The 8600 Ultra card will come with 64 Shaders, clocked at 500MHz. It will also have up to 512MB of 256 bit memory clocked at 1400MHz DDR. It is expected to retail for around $179. 
The 8600 GT will come with 48 shaders, clocked at 350MHz. It will have up to 256MB of 256-bit memory, clocked at 1200MHz DDR. It should retail for $129. 
The 8300 GT will have 32 shaders at 500MHz, along with no more than 256MB of 128-bit memory clocked at 1200MHz DDR. It is expected to cost around $99. 
The 8300 GS will "only" have 24 shaders, clocked around 500MHz. It will have up to 256MB of 128 bit memory, clocked at 1000MHz DDR. The card shouldn't cost much more than $79.




*View at TechPowerUp Main Site*


----------



## EviLZeD (Jan 15, 2007)

finally the 8600ultra looks good


----------



## TXcharger (Jan 15, 2007)

i hope they make some agp dx10 cards...im to poor to upgrade anytime soon lol


----------



## kakazza (Jan 15, 2007)

Looks very nice, and I as an AGP user hope that there will be NO AGP version. Die AGP, die!

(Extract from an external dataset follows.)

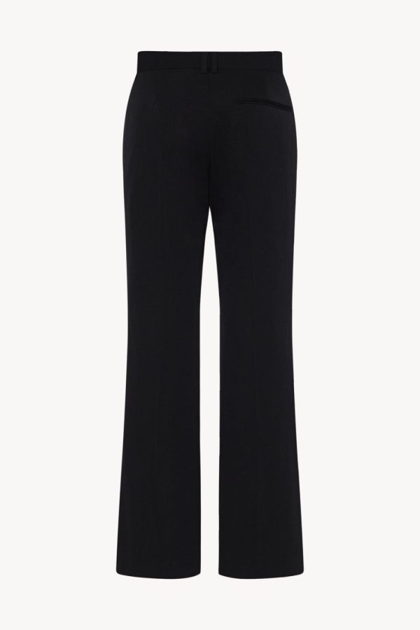 Low-rise trouser in textured wool with slanted side pockets, pressed front and back creases, and slightly flared hem.

People who want to upgrade in steps can always use the ASRock DUAL VSTA motherboard which supports AGP/PCIe DDR1/DDR2.


----------



## WarEagleAU (Jan 15, 2007)

For real, ya'll need to get off this die agp die crap, Im sick and tired of hearing it. AGP will probably be around for a good while longer, I mean, its not like they can kill it, and with peeps still keeping to it, they'd be crazy not to still support it in some form or fashion ::Rofl:: Anyways, to the topic at hand, these are nice cards and priced very well. Id like to see what DAaMit has up their sleeves when the R600 comes out and their lower priced cards. Kind of hard to match Nvidia on this if these prices are true.


----------



## EviLZeD (Jan 15, 2007)

i agree with wareagleau those prices are pretty nice and are going be hard to beat imo


----------



## Homeless (Jan 15, 2007)

amazing prices, I hope the benchmarks are amazing too


----------



## Track (Jan 15, 2007)

I made this picture for another Forum, enjoy.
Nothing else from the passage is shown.